> [Task description]:
Exercise in exact copying: restate word for word only the lines below from the one containing "신발 카테고리는 옷에" through the one containing "長唄 小唄/M492 收藏", omitting any pictures.

________________________________________

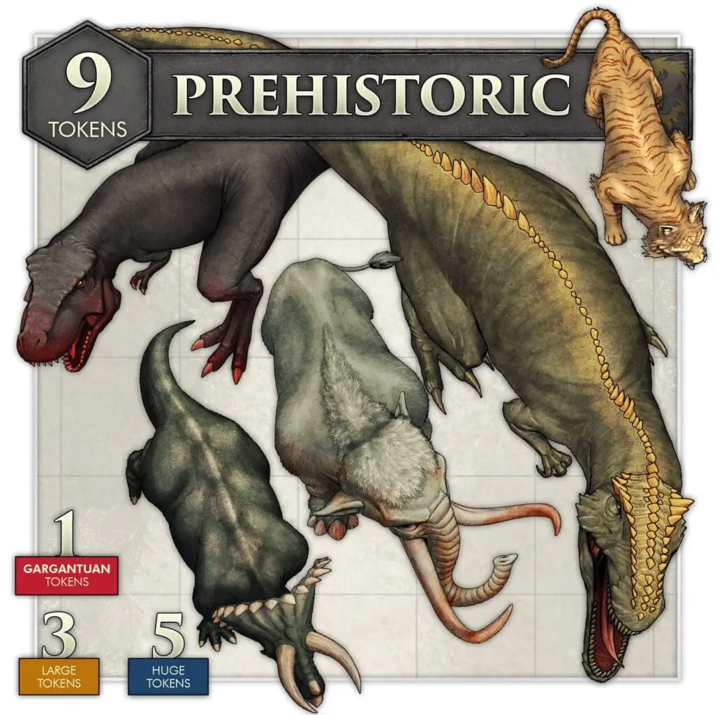 The Prehistoric set includes 9 acrylic tokens for your RPG Sessions.
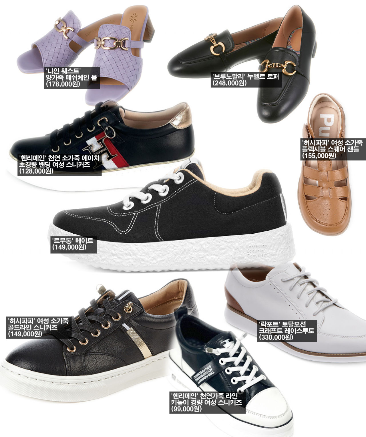 신발 카테고리는 옷에 비해 계절감이 빠르게 반영된 모습이다. 샌들과 젤리슈즈 등의 인기가 저물고 스니커즈를 중심으로 판매가 진행되고 있다. 연령대가 높은 만큼 키 높이 기능이 있는 스니커즈가 상위권을 차지하고 있는데, ‘허시파피’와 ‘르무통’, ‘락포트’ 등 편안한 착화감의 제품이 인기가 높다. 가을 신발을 대표하는 로퍼는 아주 일부 제품만이 랭킹에 올라 있고, 부츠도 아직 반응이 없다.
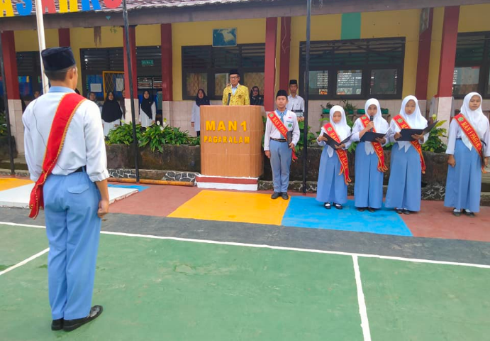 Pengawas Madrasah Kantor kementerian Agama Kota Pagar Alam Drs Yahadi bertindak selaku pembina pada pelaksanaan upacara bendera diikuti peserta didik, pendidik dan tenaga kependidikan di Lapangan utama MAN 1 Pagar Alam.Senin,(29/07)
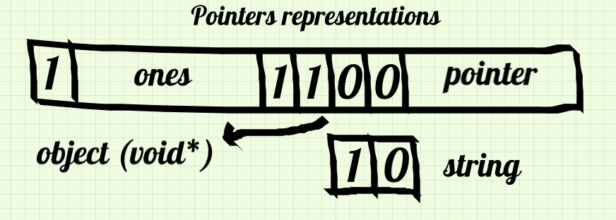 They create a wide spectrum of representations. Numbers can occupy 64 or 32 bits, null is just one special value and for booleans, we need two of them: true and false. Objects and strings have to be stored as pointers, as we do not know in advance their size. Moreover, the size of a pointer depends on the chip’s architecture. In most modern computers, they can have 32 or 64 bits.
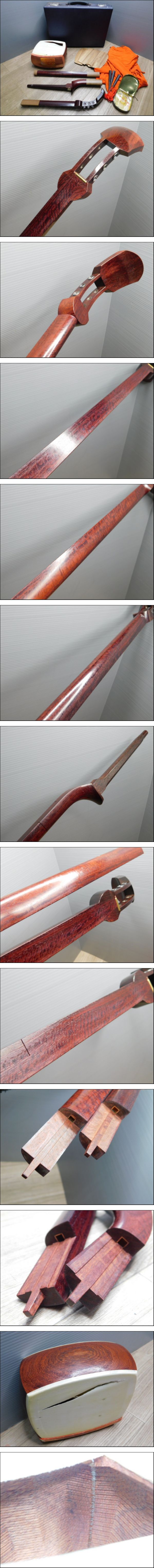 【細棹高級三味線】びっちりトチ 紅木 金細(金ホゾ)一本二本溝(二段溝) K18刻印あり 子持ち綾杉胴 長唄 小唄/M492 收藏
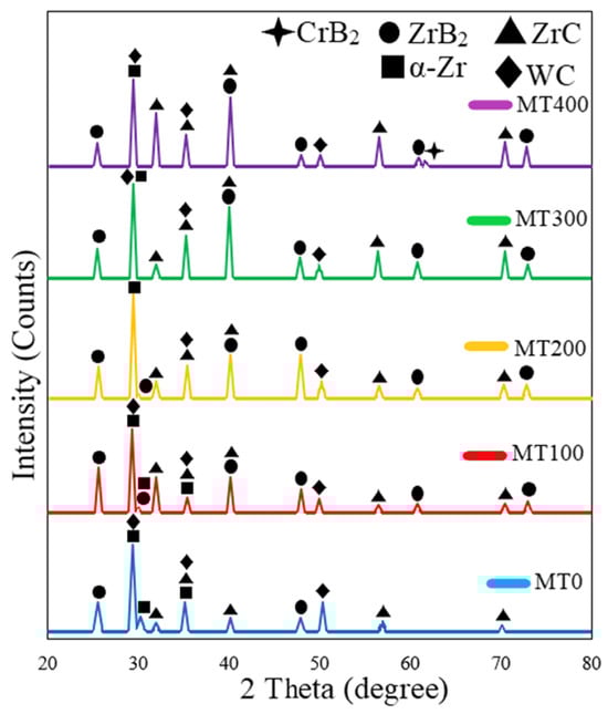 Figure 4 shows the XRD results for all five types of coatings. The change of the peaks in the observed patterns indicates the effect of the ultrasonic field on the formation of the coating. As can be seen, there are ZrC, WC, and α-Zr phases in the MT0 specimen pattern. By applying the ultrasonic field, the synthesized ZrB2 phase was also detected. In specimen MT400, a type of boride rich in Cr (CrB2) was detected. It seems that the decomposition of ZrB2 promotes the in situ synthesis of the reinforcement and causes the formation of this phase []. However, there is a possibility of forming carbide phases due to the decomposition of amplifiers with increasing ultrasonic power. However, due to the small amount, they cannot be detected by XRD. The change in the location of the peaks indicated the effect of the ultrasonic field on the distribution and amount of coating enhancers.

________________________________________

> [Result of this exercise]:
 신발 카테고리는 옷에 비해 계절감이 빠르게 반영된 모습이다. 샌들과 젤리슈즈 등의 인기가 저물고 스니커즈를 중심으로 판매가 진행되고 있다. 연령대가 높은 만큼 키 높이 기능이 있는 스니커즈가 상위권을 차지하고 있는데, ‘허시파피’와 ‘르무통’, ‘락포트’ 등 편안한 착화감의 제품이 인기가 높다. 가을 신발을 대표하는 로퍼는 아주 일부 제품만이 랭킹에 올라 있고, 부츠도 아직 반응이 없다.
 Pengawas Madrasah Kantor kementerian Agama Kota Pagar Alam Drs Yahadi bertindak selaku pembina pada pelaksanaan upacara bendera diikuti peserta didik, pendidik dan tenaga kependidikan di Lapangan utama MAN 1 Pagar Alam.Senin,(29/07)
 They create a wide spectrum of representations. Numbers can occupy 64 or 32 bits, null is just one special value and for booleans, we need two of them: true and false. Objects and strings have to be stored as pointers, as we do not know in advance their size. Moreover, the size of a pointer depends on the chip’s architecture. In most modern computers, they can have 32 or 64 bits.
 【細棹高級三味線】びっちりトチ 紅木 金細(金ホゾ)一本二本溝(二段溝) K18刻印あり 子持ち綾杉胴 長唄 小唄/M492 收藏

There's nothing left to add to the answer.